[EXERCISE DESCRIPTION] Exclude the pictures and reproduce exactly the lines that run from the one holding "Sanatorium Zbyszko’ w" to the end of the entries below.

[GIVEN RECORDS]
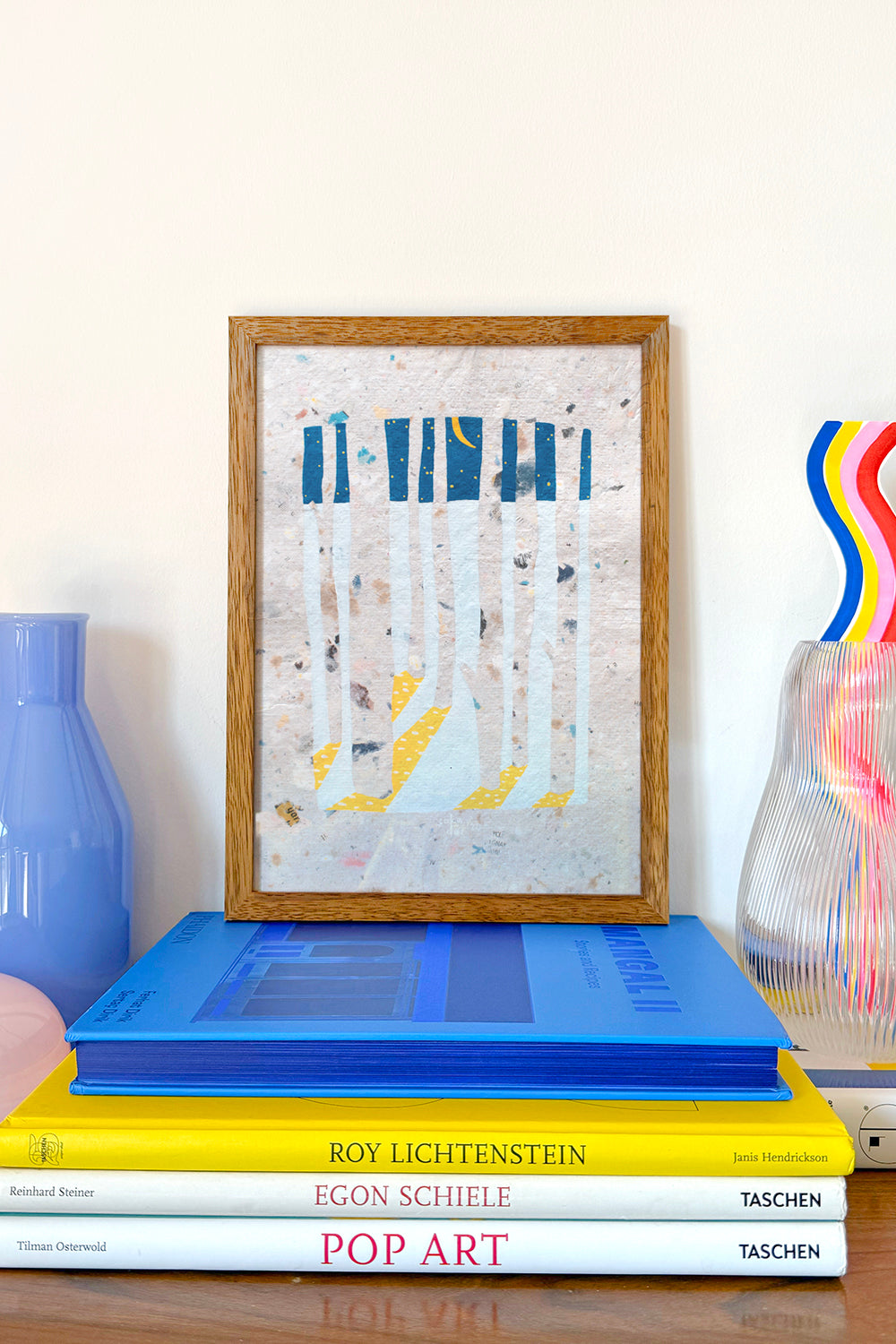 Çerçeve, linol baskıya zarif bir dokunuş katan yüksek kaliteli limba ağacından yapılmıştır.
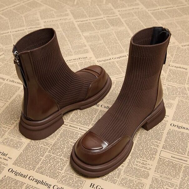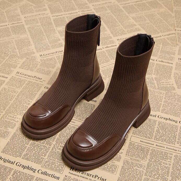 リブ素材とレザーが合わさったデザインが大人可愛く、すっきりとしたシルエットのブーツです。
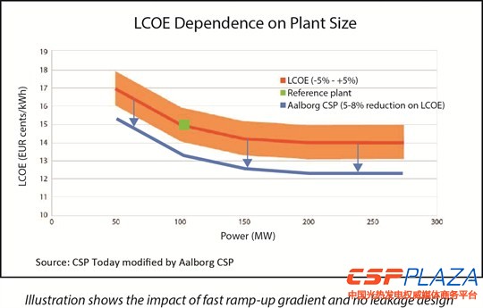 圖:采用Aalborg CSP蒸(zheng)汽發(fa)生器對光熱發(fa)電LCOE的影響
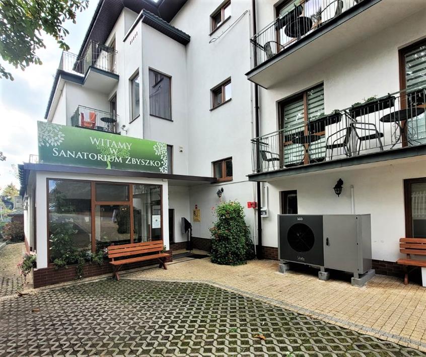 Sanatorium Zbyszko’ w Busku-Zdroju ogrzewają dwie monoblokowe pompy ciepła VESTA po 16 kW każda. W takim miejscu oprócz dużej wydajności wymagana jest cicha praca urządzeń, tak aby nie zakłócać spokoju wypoczywającym gościom. / źródło: ZMK SAS Sp. z o.o.♂
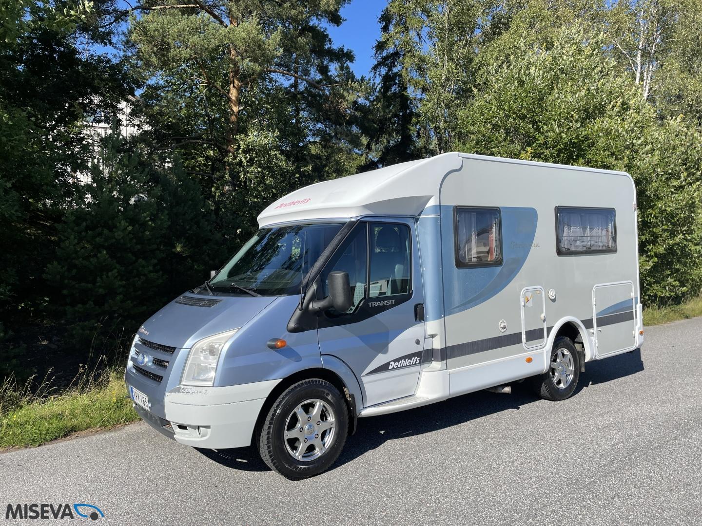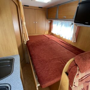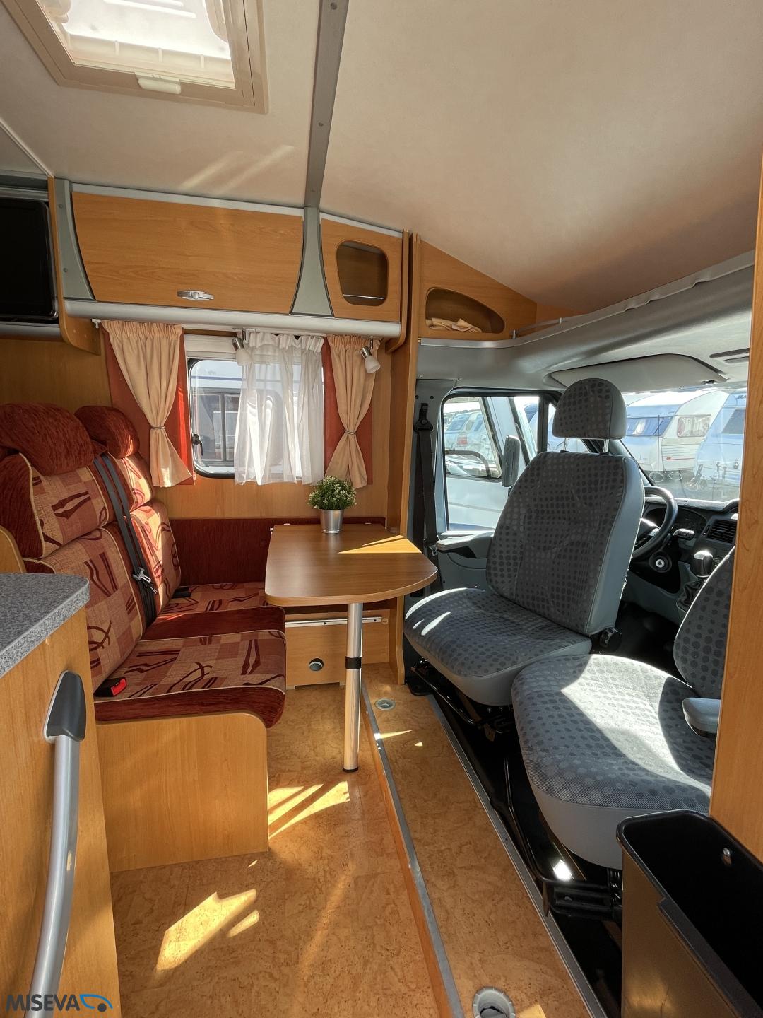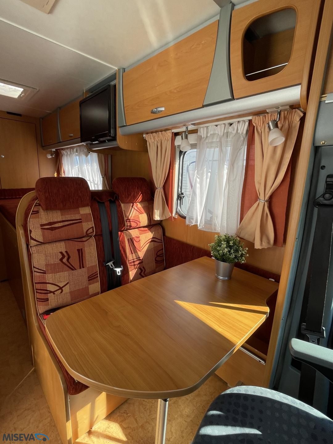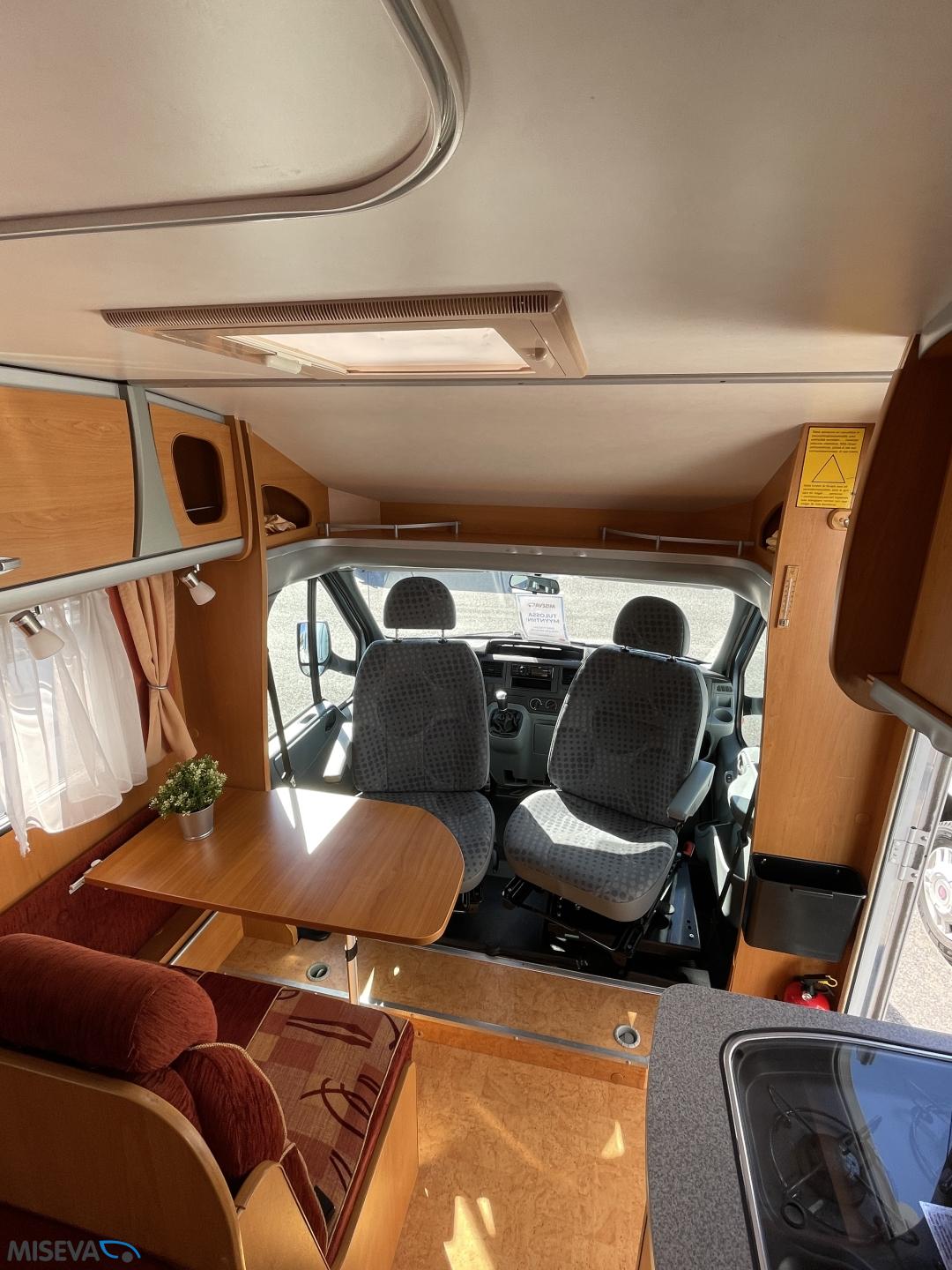 Takana levitettävä parivuode sekä wc-tila suihkulla. Keskellä keittiö. Edessä pöytäryhmä neljälle kääntyvin ohjaamoistuimin.
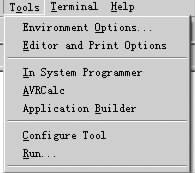 图2.15所示是Tools(工具)菜单,该菜单中包含了用于对ICCAVR的外部相关工具控制的操作,其详细说明如下:
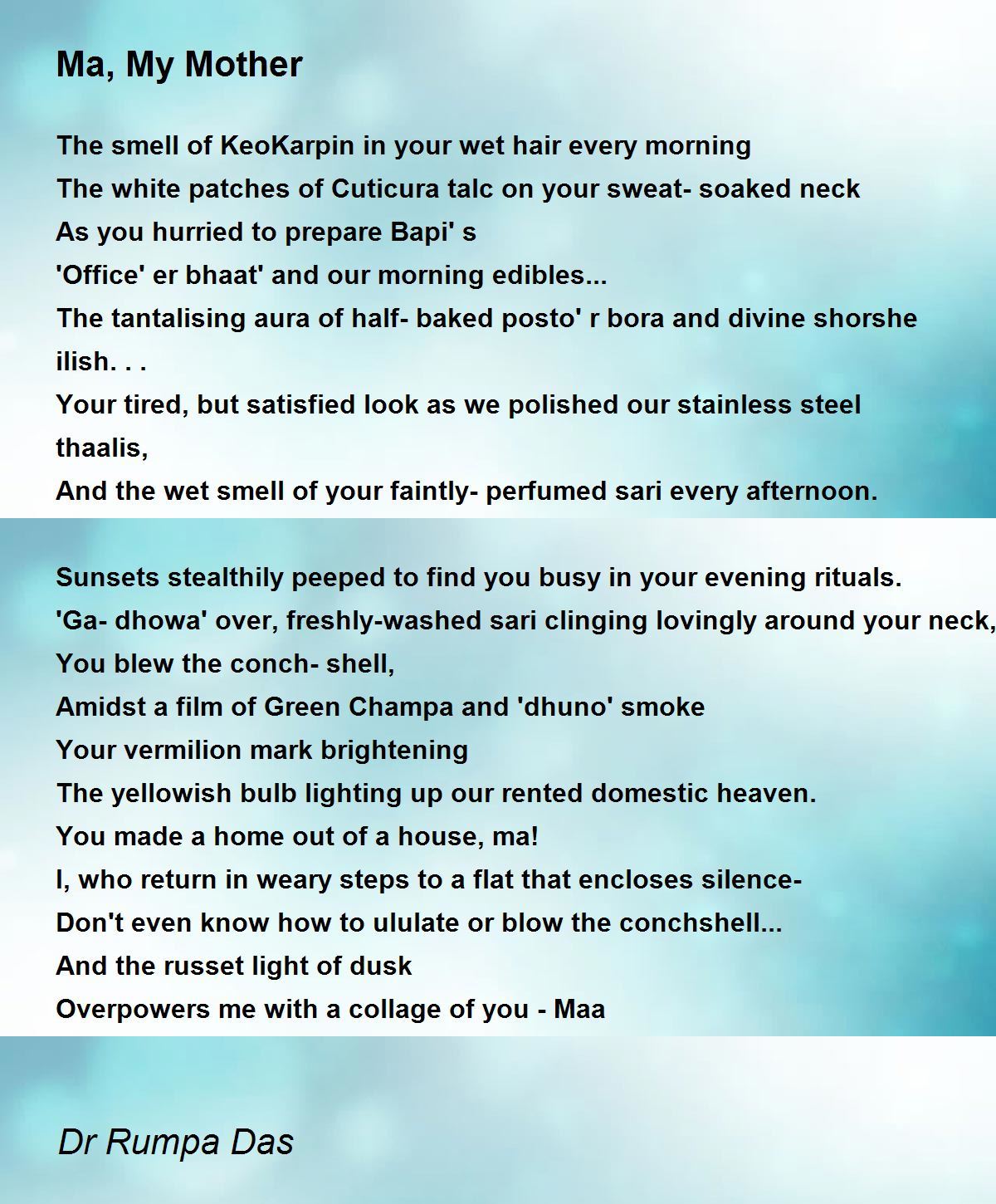 And the wet smell of your faintly- perfumed sari every afternoon.

[RESPONSE TO THE TASK]
 Sanatorium Zbyszko’ w Busku-Zdroju ogrzewają dwie monoblokowe pompy ciepła VESTA po 16 kW każda. W takim miejscu oprócz dużej wydajności wymagana jest cicha praca urządzeń, tak aby nie zakłócać spokoju wypoczywającym gościom. / źródło: ZMK SAS Sp. z o.o.♂
 Takana levitettävä parivuode sekä wc-tila suihkulla. Keskellä keittiö. Edessä pöytäryhmä neljälle kääntyvin ohjaamoistuimin.
 图2.15所示是Tools(工具)菜单,该菜单中包含了用于对ICCAVR的外部相关工具控制的操作,其详细说明如下:
 And the wet smell of your faintly- perfumed sari every afternoon.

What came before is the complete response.